Iron Age hill fort near Montgomery, Wales

Ffridd Faldwyn is an Iron Age hillfort in northern Powys, in the former county of Montgomeryshire, It is sited on a prominent hill west of Montgomery, close to but higher than Montgomery Castle, overlooking the River Severn. It is one of the largest hill-forts in Wales.

== Description and history ==
When Thomas Pennant visited Montgomery in 1776, he noted

"On a hill, not far from the castle, is a stupendous British post. The approach is guarded by four great ditches, with two or three entrances towards the main work, with two or three fosses run across the hill, the end of which is sufficiently guarded by its steepness".

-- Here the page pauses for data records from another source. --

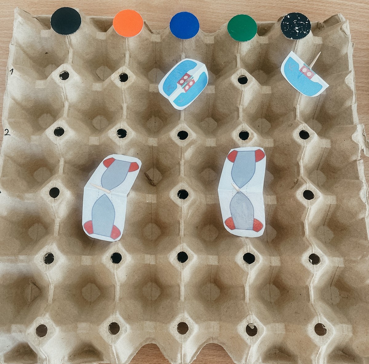 Minden játékos helyezzen el hajókat a saját tojástartójában.
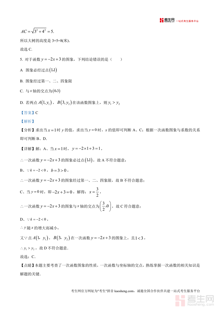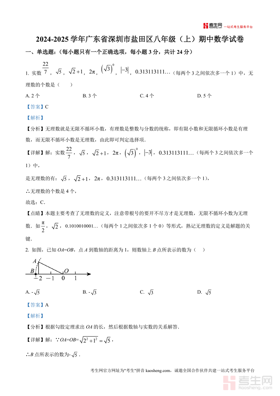 《精品解析:广东省深圳市盐田区2024-2025学年八年级上学期期中考试数学试卷(解析版).docx》是一份针对盐田区八年级学生期中数学备考设计 的专业真题解析资料,涵盖试卷全部题型(单选题8道、填空题5道、解答题7道)及完整解答过程。内容聚焦八年级上册核心知识点,包括无理数判断、勾股定理应用、一次函数图像分析与计算、几何图形折叠与展开等,每个题目均配备"分析""详解""点睛"模块:分析部分明确考点与解题思路,详解部分展示规范步骤与计算过程,点睛部分总结易错点与方法技巧,帮助学生深度理解知识本质及应用逻辑。
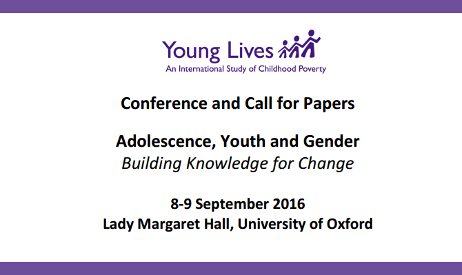 El estudio Niños del Milenio/ Young Lives convoca a la presentación de propuestas de investigación –o afiches– para la conferencia internacional (en inglés) “Adolescencia, juventud y género: generando conocimiento para el cambio” que se realizará el 8 y 9 de septiembre de 2016 en Oxford sobre temas de adolescencia que usen nuestras bases de datos u otras de tipo longitudinal. Pueden postular investigadores, funcionarios públicos u otros profesionales involucrados en dichos temas. La fecha máxima de envío de los resúmenes es hasta el 15 de febrero de 2016. Estos pueden ser de:
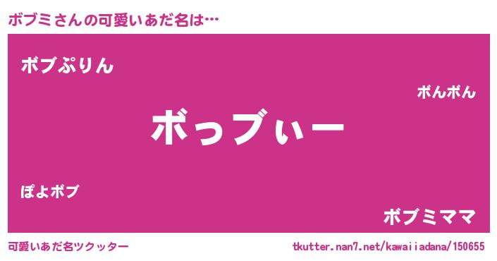 | ヘコむあだ名 | 『ボブ太郎』『ボブミ(爆)』『豆乳』 |
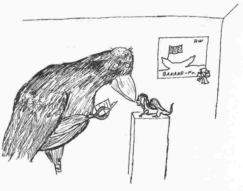 Consider the fork. The aristocrat dines with a fork. The blunt simple peasant dines with a knife, a weapon as well as a tool. He obtains his food with a knife, cutting fruit or game, and it seems natural to dine with it. On the other hand, in the arenas of ancient Rome, they used to have gladiatorial combats. One classical match was a man with sword, shield and helmet against a man with a trident and net. The trident usually won. If M goes out frog gagging, he uses a spear with three or four points, just like Neptune is pictured. You see, a frog or a fish below the surface will not lie exactly where it seems to, because the light is bent as it passes the surface. So you stand a better chance to hit it if you use a trident; the trident strikes three times with each blow. The farmer with his pitchfork is a symbol of bucolic tranquillity and peace, but the farmer has a small kingdom to defend all by himself. Given all the machinery of a farm to choose from, he is likely never to let his pitchfork get too far away from him. On a larger scale, the "TRIDENT" nuclear missile carries multiple warheads; it strikes many times for one launch, turning the balance of power terribly toward the offensive move. If that doesn't seem like enough trouble, consider the devil. What does he arm himself with? A fork. The fork is the ultimate weapon. It is the table utensil of the power elite. The American will leave his knife clean while he cuts his meat with the edge of the fork, only relinquishing the fork from his right hand long enough to get very difficult cutting done. Then down goes the knife, and the fork goes again to the weapon hand.
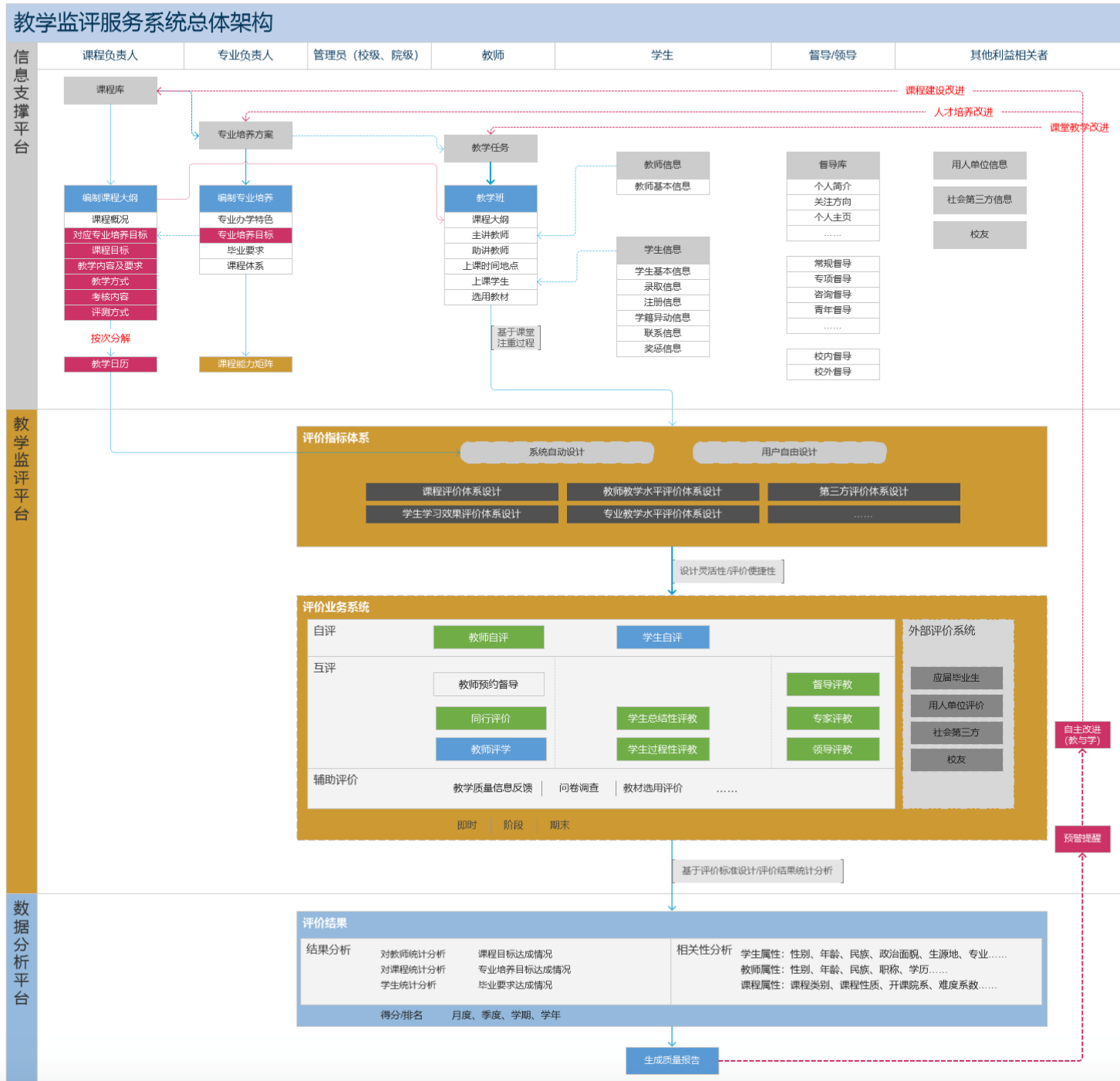 整个评估服务平台提供:评估服务:领导评估、督导评估、教师互评、课程评估、课堂评估、主观评价;评估分析:评估统计、学期小结、主观反馈;多维展示:领导驾驶舱、白皮书。
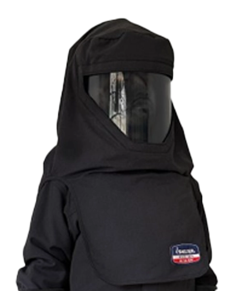 El traje de protección incluye un capucho (hood) compuesto por tejidos inherentemente ignífugos y un visor Arc Flash light gray ultra delgado que garantiza una mayor calidad óptica y protección al usuario. El kit de protección también incluye una chaqueta corta, un overol con peto, un bolso de transporte y gafas de seguridad.
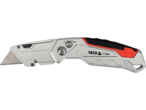 YATO YT-75203 Behajtható tarpézpengés kés övvágó / dobozbontó funkcióval +3 db pótpengével
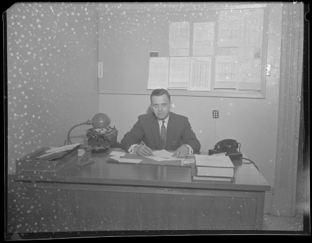 Détective Deschênes, Sûreté du Québec, Hull, 25 mars 1958, Archives nationales à Gatineau, Fonds Champlain Marcil, (07H,P174,S1,D13883), Attribuée à Champlain Marcil.
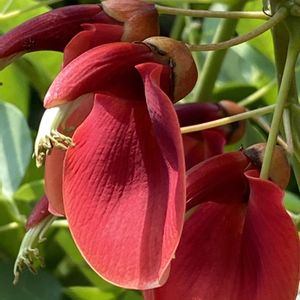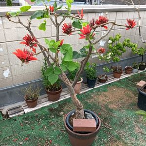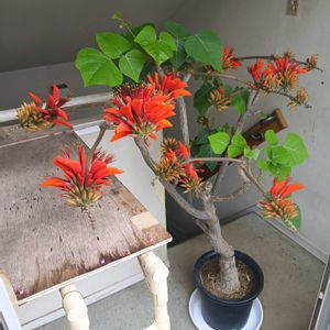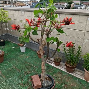 沖縄県花デイゴですがこんな感じで咲いて行きます。そして4年前に咲いた時は3輪でしたが今回は18輪も咲きました。途中でだいぶ蕾が落下しましたが株に対して力が足りなかったのだと思います。しかし鉢でこれだけ咲いたと言う事は枝や株が充実して来ている証拠でありまたこちらの環境にもなれてきていると言う事なので来年はさらに深紅の花がたくさん咲いてくれる事を願っております。何度も伝えますが本土に植栽されている鹿児島県花アメリカデイゴではなくこれがTHE BOOMの島唄に出てくる本当の沖縄の県花であるデイゴになります。

It is described as a multivallate contour fort, and is currently well wooded and overgrown, although a footpath leads from the adjacent small road through the site and down through the beechwood on the prow of the hill to the main road below. The site was described and surveyed in June 1909, by the Royal Commission on the Ancient and Historical Monuments of Wales. A detailed survey of the hillfort was published in 1932 by Dr Willoughby Gardner, and this led to excavations being carried out by B. H. St John O’Neil between 1937 and 1939,

== The excavations 1937-39 ==
These excavations by St John O'Neil, who was the Inspector of Ancient Monuments in Wales, were carried out to a high standard. Five sections were cut across the various ramparts and three area excavations were opened. This was following the most recent excavation practices developed by Mortimer Wheeler for his excavations at the hillfort at Maiden Castle in Dorset. O’Neill was able to define the earliest phase of the hillfort as smaller enclosure measuring 170 m by 80 m (1.2 hectares), with a gateway to the south, and defended with two rows of timber palisades. This enclosure stands on the highest area of the hill and contains a small mound which may have been a Bronze Age round barrow. Under the southern gate of this enclosure evidence for earlier Neolithic occupation was found. This enclosure was then modified by a box framed timber rampart, with an extension to the north-west and a barbican added to the south gateway. The inner area of the enclosure contained a number of rectangular "four-poster" structures, which are now interpreted as the supports for wooden framed granaries.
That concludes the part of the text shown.